Clinical Health Updates

Postcoital bleeding of limited use in determining cervical cancer risk

Clinical Question:
Doc, I bleed after intercourse. Could I have cervical cancer?

Bottom Line:
The evidence base for management strategies of postcoital bleeding and calculations of risk for cervical cancer in women with postcoital bleeding are poor. Calculation of risk that a woman in the community developing postcoital bleeding has cervical cancer ranges from 1 in 44,000 at age 20-24 years to 1 in 2 400 aged 45-54 years.

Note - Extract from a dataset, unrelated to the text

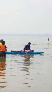 Image 1- Drishti Marine lifesavers conduct a Sagar Safar safety briefing for visitors, guiding them through essential precautions before entering the water. With participants gathered on the shore in their safety gear, the team explains sea conditions, equipment use, and basic open-water safety cues. The initiative reinforces Drishti Marine’s mission to build ocean confidence and promote responsible beach behaviour among visitors.

Shapley M, Jordan J, Croft PR. A systematic review of postcoital bleeding and risk of cervical cancer. Br J Gen Pract 2006;56:453-460.

Study Design:
Systematic review

These authors systematically reviewed several databases looking for English-language studies that reported or provided sufficient data to estimate the incidence or prevalence of postcoital bleeding. The authors don’t report looking for unpublished data, independent and paired application of inclusion criteria, or paired data abstraction. Ultimately, they included 38 articles. They found no studies that determined how often women presenting with postcoital bleeding subsequently have cervical cancer. One mass screening study from Finland identified 2648 women with postcoital bleeding of whom 12 (0.45%) had invasive cancer at the time of presentation. Eight of the articles (including hundreds of thousands of women), evaluated women in community settings. The overall rate of women complaining about postcoital bleeding is quite variable (0.7% to 9%); however, the large population-based studies report the prevalence at approximately 1%. It is not known how many of these women will seek medical care. Sixteen studies reported the prevalence of postcoital bleeding in more than 47,000 women with invasive cervical cancer. The range of prevalence in these studies was 0.7% to 39%.